- **Items from a dataset**:

++++++++++++++++++++

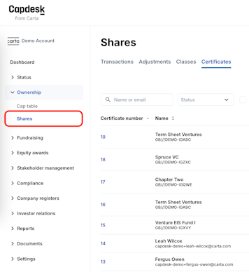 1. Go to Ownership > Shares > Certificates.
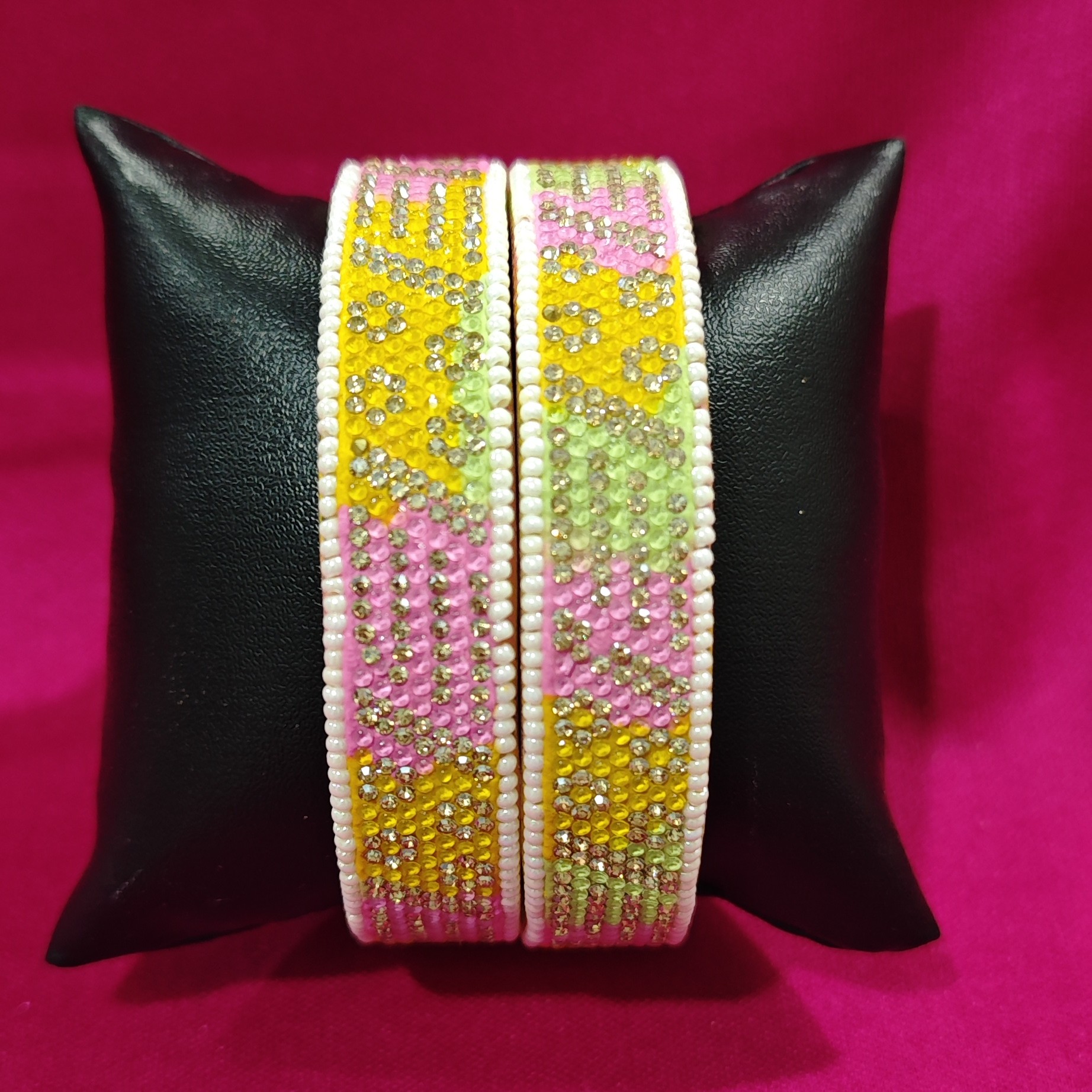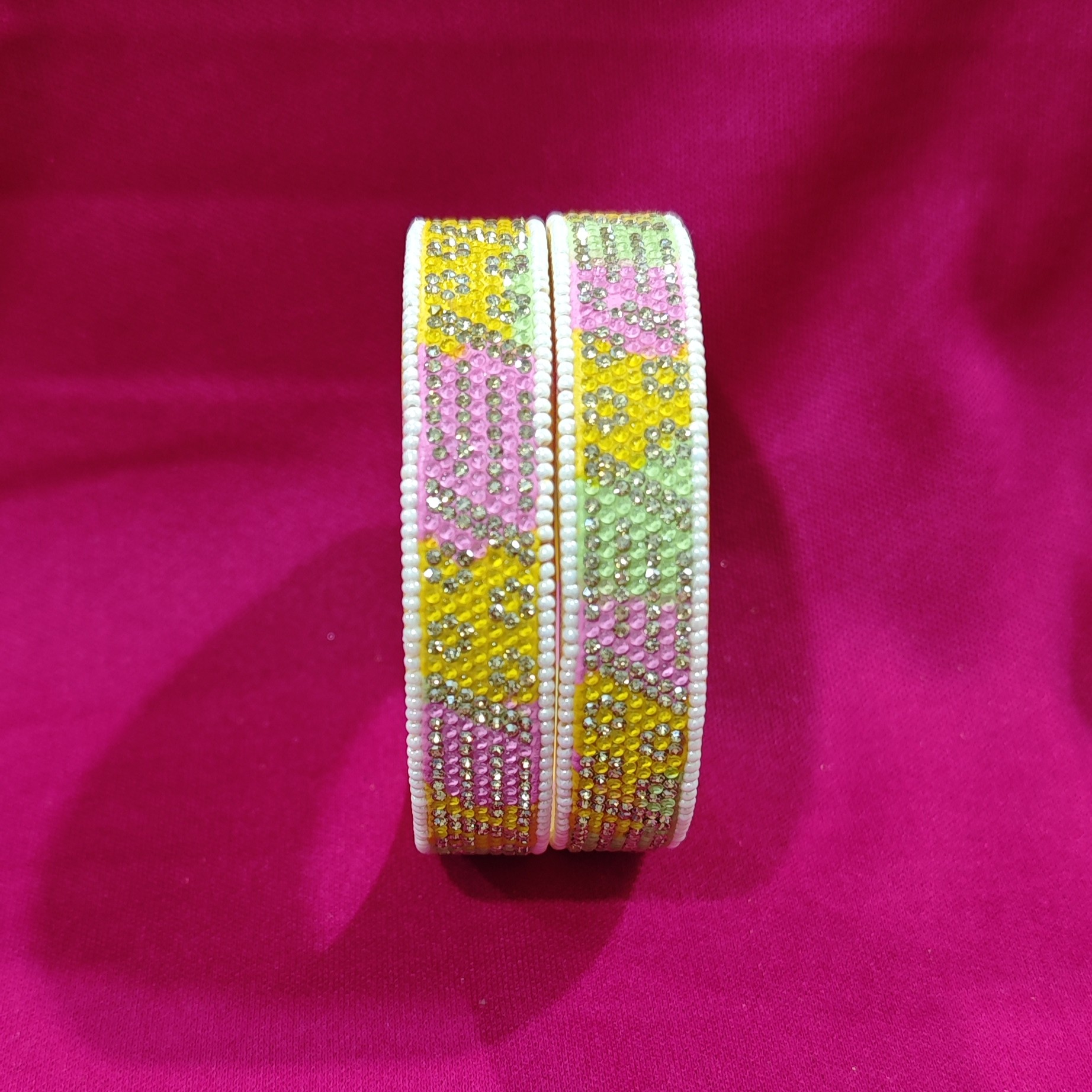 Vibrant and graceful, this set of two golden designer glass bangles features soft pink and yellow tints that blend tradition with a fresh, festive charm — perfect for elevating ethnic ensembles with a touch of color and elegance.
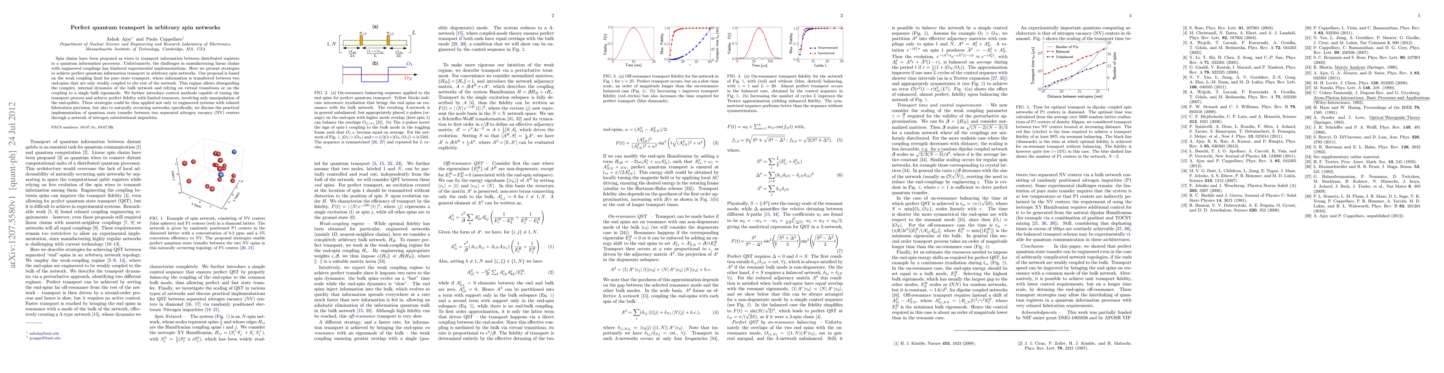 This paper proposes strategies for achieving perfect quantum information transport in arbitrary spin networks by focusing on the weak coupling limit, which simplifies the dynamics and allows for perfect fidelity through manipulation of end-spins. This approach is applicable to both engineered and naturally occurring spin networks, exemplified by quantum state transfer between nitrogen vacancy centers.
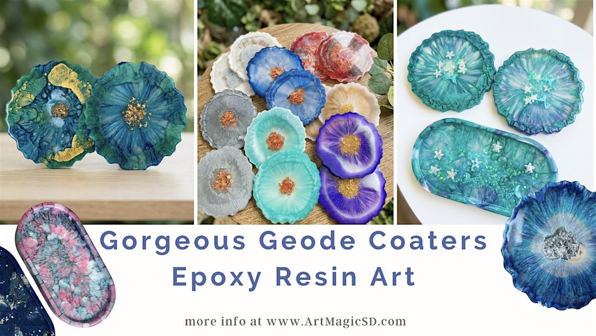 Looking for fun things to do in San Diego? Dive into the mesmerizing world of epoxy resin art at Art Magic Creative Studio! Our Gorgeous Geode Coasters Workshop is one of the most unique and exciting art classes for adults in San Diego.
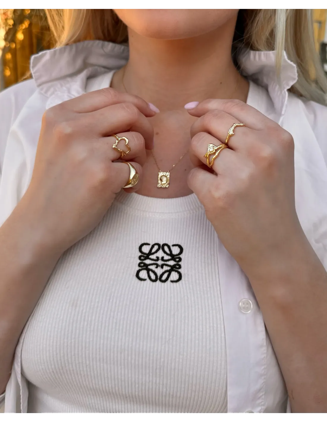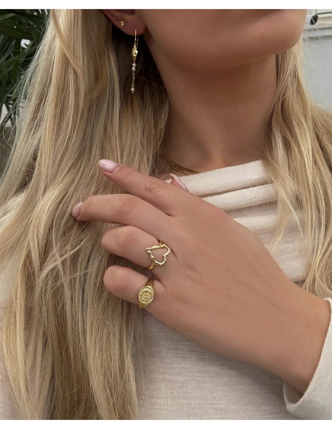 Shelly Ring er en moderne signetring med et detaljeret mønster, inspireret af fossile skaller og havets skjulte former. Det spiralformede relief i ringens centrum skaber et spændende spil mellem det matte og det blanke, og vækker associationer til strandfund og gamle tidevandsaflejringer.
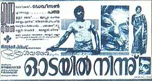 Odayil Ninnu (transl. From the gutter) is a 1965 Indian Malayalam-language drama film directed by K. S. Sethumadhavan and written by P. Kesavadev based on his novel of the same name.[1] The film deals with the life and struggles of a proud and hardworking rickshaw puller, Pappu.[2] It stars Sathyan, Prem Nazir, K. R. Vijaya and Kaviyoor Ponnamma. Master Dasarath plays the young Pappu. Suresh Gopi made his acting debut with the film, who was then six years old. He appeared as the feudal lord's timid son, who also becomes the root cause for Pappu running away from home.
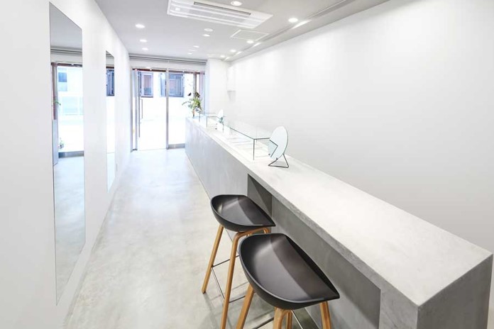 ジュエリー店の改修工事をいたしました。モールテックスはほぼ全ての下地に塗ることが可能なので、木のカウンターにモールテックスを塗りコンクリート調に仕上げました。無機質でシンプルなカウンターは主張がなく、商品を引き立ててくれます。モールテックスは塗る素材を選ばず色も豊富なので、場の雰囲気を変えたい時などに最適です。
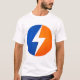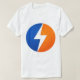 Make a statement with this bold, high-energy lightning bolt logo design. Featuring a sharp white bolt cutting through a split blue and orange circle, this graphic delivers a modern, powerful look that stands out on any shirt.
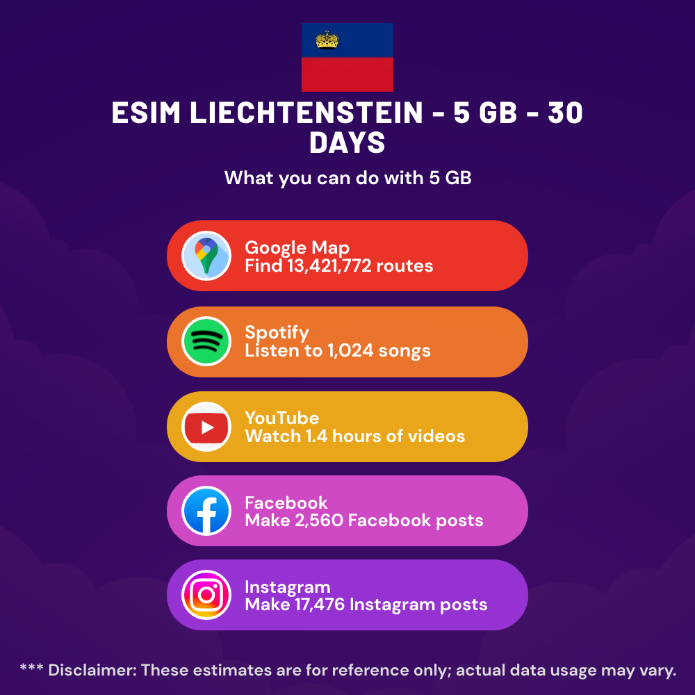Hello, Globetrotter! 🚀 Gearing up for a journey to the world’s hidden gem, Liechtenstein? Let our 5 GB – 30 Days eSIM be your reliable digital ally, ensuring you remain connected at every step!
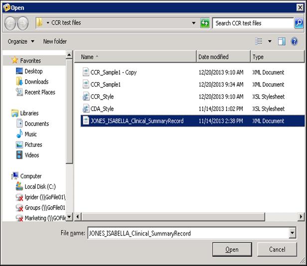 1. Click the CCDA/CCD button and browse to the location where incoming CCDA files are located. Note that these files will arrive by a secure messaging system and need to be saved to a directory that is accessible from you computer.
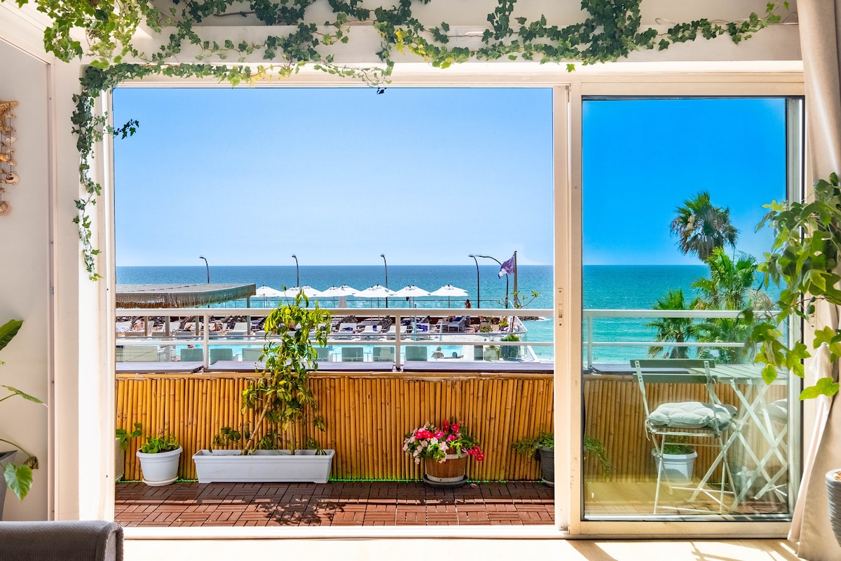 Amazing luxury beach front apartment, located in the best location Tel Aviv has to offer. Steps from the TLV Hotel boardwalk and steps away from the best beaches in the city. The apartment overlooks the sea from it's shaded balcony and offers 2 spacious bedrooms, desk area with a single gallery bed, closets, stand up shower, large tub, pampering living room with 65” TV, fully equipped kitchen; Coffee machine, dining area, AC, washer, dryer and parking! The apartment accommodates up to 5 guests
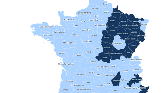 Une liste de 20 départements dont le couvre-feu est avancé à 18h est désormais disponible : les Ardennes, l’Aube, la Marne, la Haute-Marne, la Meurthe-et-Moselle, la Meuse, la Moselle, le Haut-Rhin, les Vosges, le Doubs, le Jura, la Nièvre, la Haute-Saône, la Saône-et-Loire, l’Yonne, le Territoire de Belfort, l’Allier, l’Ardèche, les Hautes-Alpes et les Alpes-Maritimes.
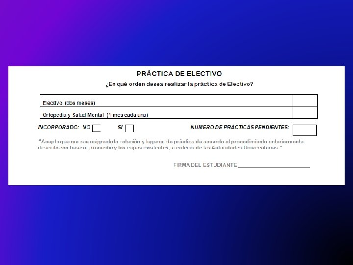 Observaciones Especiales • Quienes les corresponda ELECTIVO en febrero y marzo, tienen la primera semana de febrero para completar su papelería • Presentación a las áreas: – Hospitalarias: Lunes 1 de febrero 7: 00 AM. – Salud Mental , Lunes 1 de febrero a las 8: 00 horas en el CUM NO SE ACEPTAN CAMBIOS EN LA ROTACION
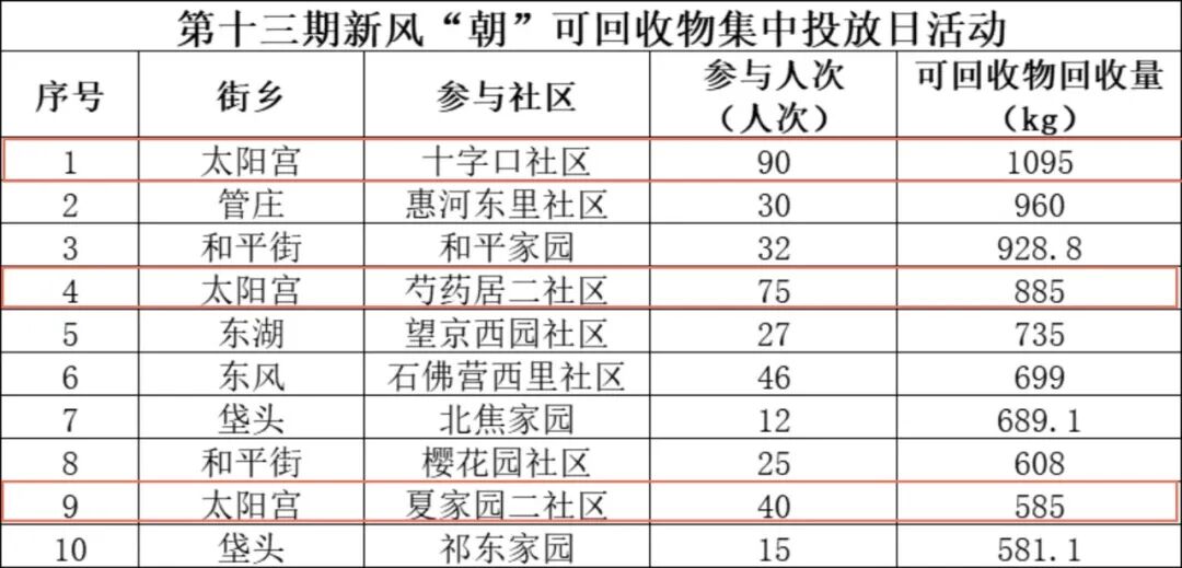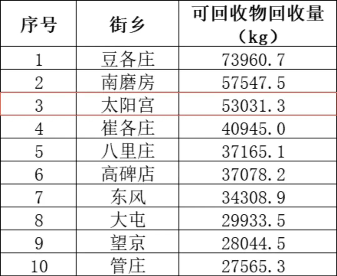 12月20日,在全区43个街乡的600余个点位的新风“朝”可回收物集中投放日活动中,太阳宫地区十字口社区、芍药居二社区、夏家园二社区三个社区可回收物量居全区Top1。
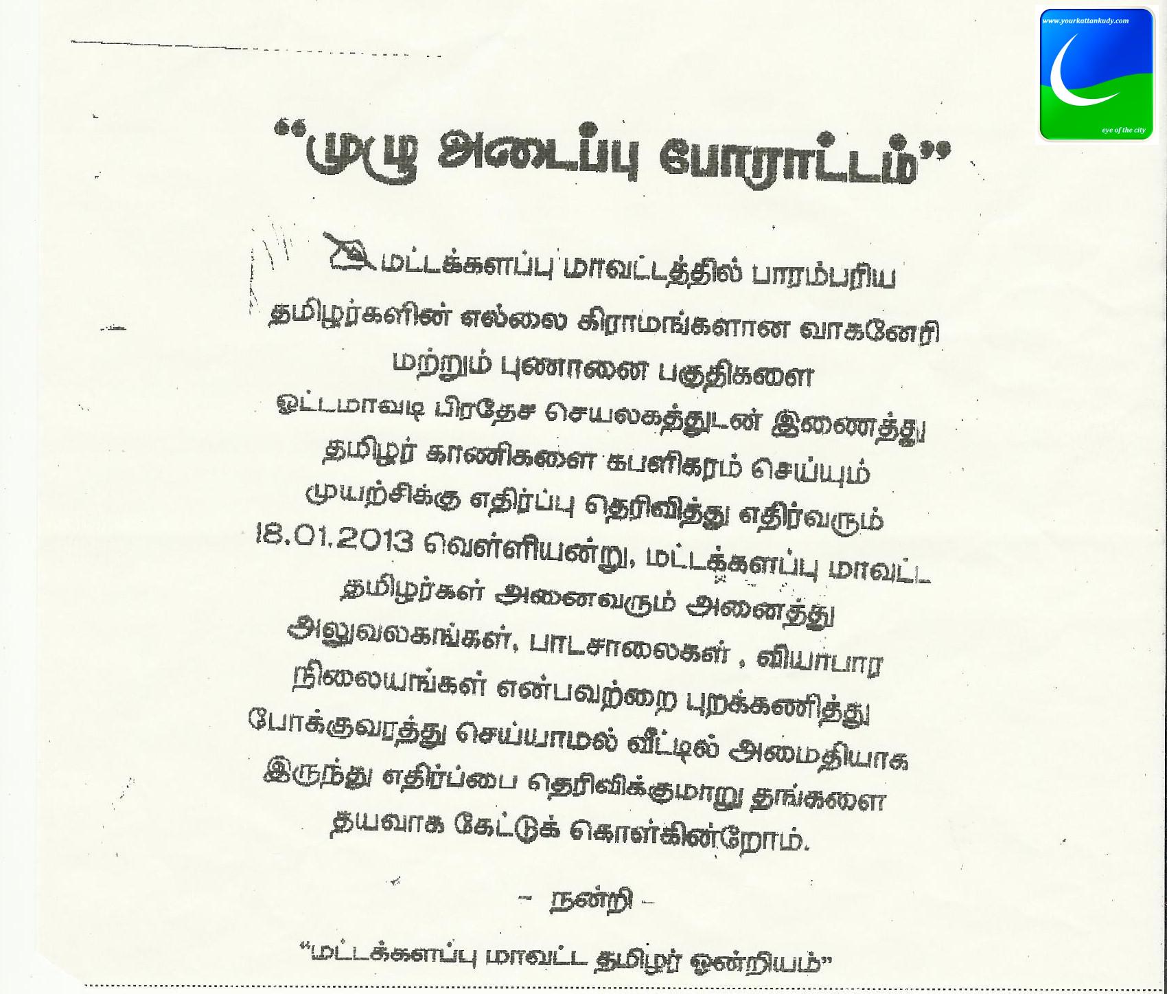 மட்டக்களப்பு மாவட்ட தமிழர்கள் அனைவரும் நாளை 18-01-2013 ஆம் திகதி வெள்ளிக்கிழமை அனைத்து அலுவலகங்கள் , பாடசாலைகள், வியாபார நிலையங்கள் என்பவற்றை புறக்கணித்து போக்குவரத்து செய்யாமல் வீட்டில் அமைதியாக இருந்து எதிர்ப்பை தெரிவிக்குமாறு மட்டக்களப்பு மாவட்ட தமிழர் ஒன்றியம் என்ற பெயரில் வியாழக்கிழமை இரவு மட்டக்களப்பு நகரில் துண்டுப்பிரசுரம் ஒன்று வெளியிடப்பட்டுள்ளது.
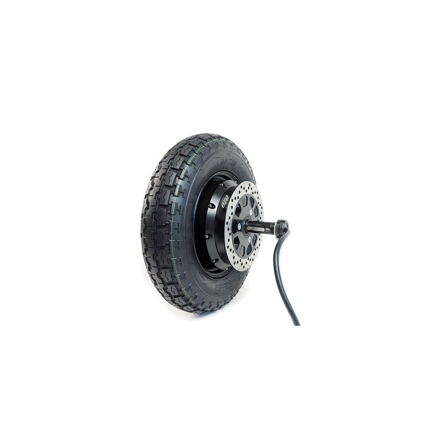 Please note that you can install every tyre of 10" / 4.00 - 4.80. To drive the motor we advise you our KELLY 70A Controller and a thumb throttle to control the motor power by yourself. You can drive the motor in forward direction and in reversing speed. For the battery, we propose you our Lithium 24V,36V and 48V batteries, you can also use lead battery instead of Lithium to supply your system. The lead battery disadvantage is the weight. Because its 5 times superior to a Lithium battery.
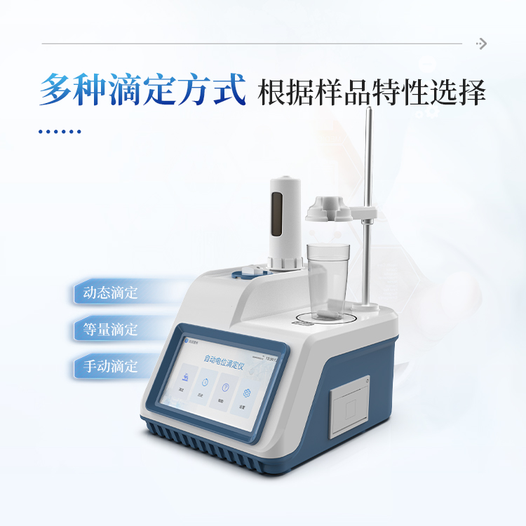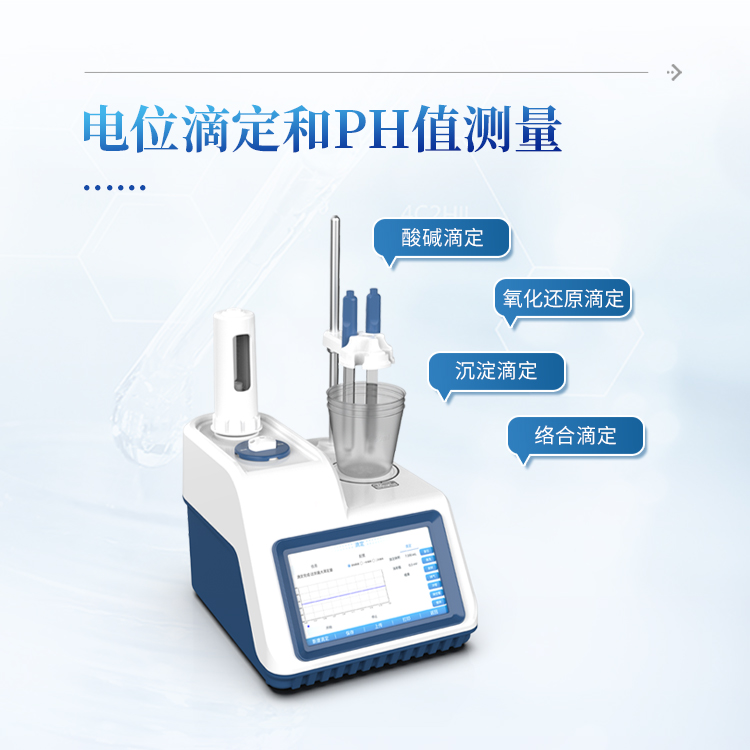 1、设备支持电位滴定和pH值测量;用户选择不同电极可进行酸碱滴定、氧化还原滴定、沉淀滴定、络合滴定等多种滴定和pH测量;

++++++++++++++++++++

- **Your goal**: Repeat, word for word and with no pictures, only the lines running from the beginning of the data to the line that contains "Vibrant and graceful, this".

- **Solution to this problem**:
 1. Go to Ownership > Shares > Certificates.
 Vibrant and graceful, this set of two golden designer glass bangles features soft pink and yellow tints that blend tradition with a fresh, festive charm — perfect for elevating ethnic ensembles with a touch of color and elegance.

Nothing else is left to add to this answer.